[Plugin EP] Port graph capture/replay APIs (#27958)
## Description
Ports graph capture/replay APIs (e.g., CUDA Graph) to the Plugin EP
(`OrtEp`) C API so that plugin-based execution providers can participate
in ORT-managed graph capture and replay.
### What changed
**New Plugin EP C API functions** (`onnxruntime_ep_c_api.h`):
- `OrtEp::IsGraphCaptureEnabled` — indicates whether the EP has graph
capture enabled.
- `OrtEp::IsGraphCaptured` — indicates whether a graph has been captured
for a given annotation ID.
- `OrtEp::ReplayGraph` — replays a previously captured graph.
- `OrtEp::GetGraphCaptureNodeAssignmentPolicy` — returns the node
assignment validation policy for graph capture.
All four are optional (NULL defaults to safe behavior) and version-gated
(`ort_version_supported >= 26`).
If `IsGraphCaptureEnabled` returns true, `IsGraphCaptured` and
`ReplayGraph` must also be implemented.
otherwise `PluginExecutionProvider` logs a warning and disables graph
capture for that EP.
**New `OrtGraphCaptureNodeAssignmentPolicy` enum**
(`onnxruntime_ep_c_api.h`):
Replaces the hardcoded EP-name checks in
`InferenceSession::Initialize()` with a policy-based approach:
- `ALL_NODES_ON_EP` — all nodes must be on the target EP (e.g.,
TensorRT).
- `ALLOW_CPU_FOR_SHAPES` — CPU nodes allowed for shape computation if no
memcpy nodes exist (e.g., CUDA, WebGPU, DML).
**Refactored `InferenceSession` graph capture selection**
(`inference_session.cc`):
- Removed the hardcoded `graph_support_ep_list` and per-EP `strcmp`
checks.
- Now iterates over all registered EPs and uses
`IsGraphCaptureEnabled()` + `GetGraphCaptureNodeAssignmentPolicy()` to
select and validate the graph-capturing EP.
- `AreAllComputeNodesAssignedToCudaOrJsOrDmlEpWebGpuEp()` → generalized
to `AreAllComputeNodesAssignedToEpOrCpu()`, which also requires at least
one node on the target EP.
- `IExecutionProvider::GetGraphCaptureNodeAssignmentPolicy()` added to
the base class (defaults to `ALL_NODES_ON_EP`).

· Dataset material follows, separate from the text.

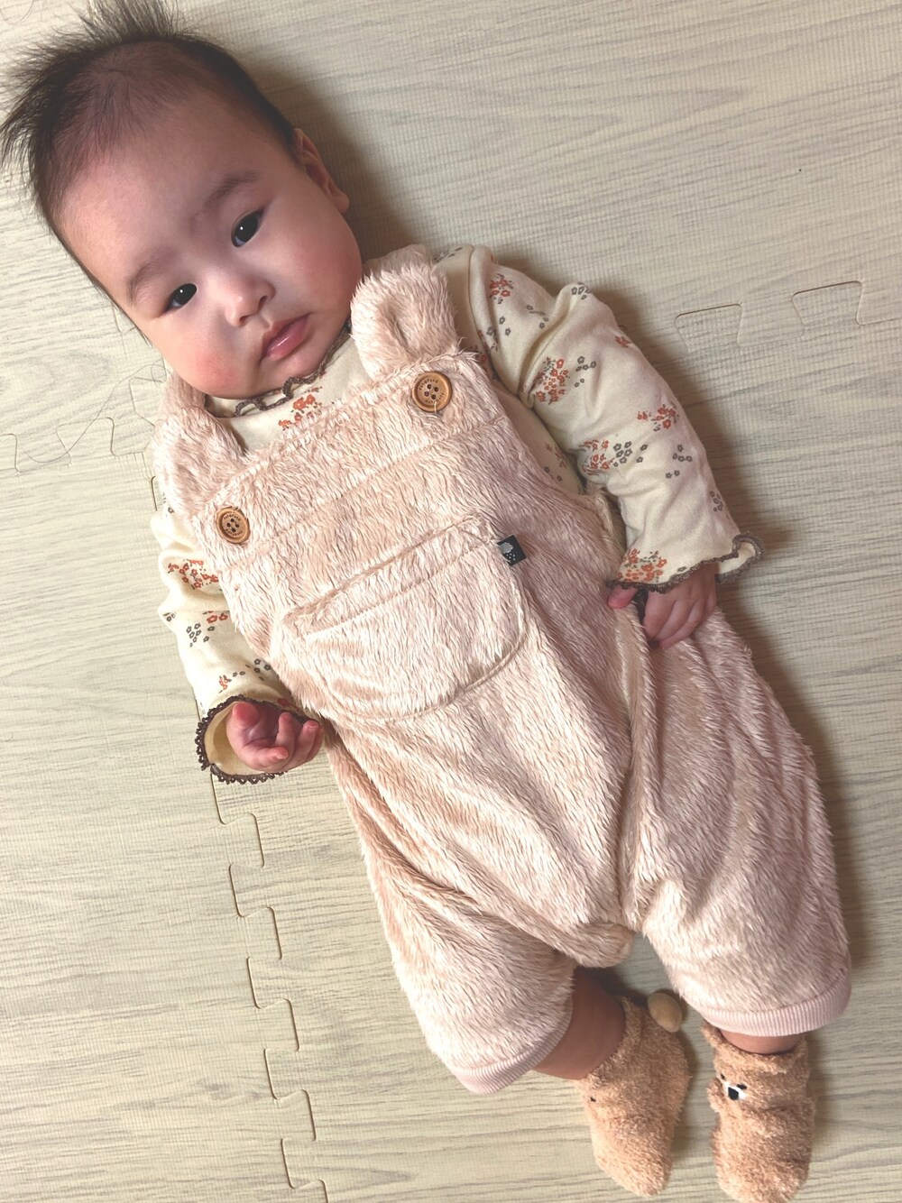今日は寒くておNEWのサロペット着せたよ👼🏼 よくみるとクマ耳ついてて肌触りも良くて可愛い🧸💕 股はパッチンだからいちいち脱がせなくてもいいから便利🥰 バースデイで購入したのでプチプラ~😍

**Bounded graph capture recursion** (`inference_session.cc/h`):
- `Run()` now delegates to `RunImpl()` with a `graph_capture_depth`
parameter.
- Caps internal run attempts at `kMaxGraphCaptureRunAttempts = 8`,
returning a clear error if the EP never reports `IsGraphCaptured() ==
true`.
**EP implementations**:
- **WebGPU plugin EP**: Fully implements all four graph capture APIs by
forwarding to the underlying `IExecutionProvider`.
- **CUDA plugin EP**: Stubs with TODOs (returns
disabled/not-implemented).
- **NvTensorRTRTX EP**: `IsGraphCaptureEnabled()` now returns `false`
since this EP manages graph capture internally (not via ORT).
**C++ wrapper** (`onnxruntime_cxx_api.h` / `onnxruntime_cxx_inline.h`):
- Added `Ort::Env::CopyTensor()` convenience overload for copying a
single tensor (wraps `CopyTensors` with `num_tensors=1`).
### Tests
- **`ep_plugin_provider_test.cc`**: Unit tests for each new
`PluginExecutionProvider` graph capture method, including NULL function
pointer defaults, version < 26 backward compatibilities, and validation
that `IsGraphCaptureEnabled()` returns false when `IsGraphCaptured` or
`ReplayGraph` are NULL.
- **`test_graph_capture.cc`**: End-to-end test for WebGPU plugin EP
graph capture/replay using IO binding (warm-up + capture run, then
replay with different inputs).
### Motivation and Context
Previously, graph capture support was limited to a hardcoded list of EPs
(`kCudaExecutionProvider`, `kTensorrtExecutionProvider`,
`kJsExecutionProvider`, `kWebGpuExecutionProvider`,
`kDmlExecutionProvider`) with EP-specific validation logic in
`InferenceSession`. This made it impossible for plugin EPs to
participate in ORT-managed graph capture/replay without modifying the
core session code.
This PR makes graph capture/replay extensible to any EP, including
out-of-tree plugin EPs, by exposing it through the `OrtEp` C API.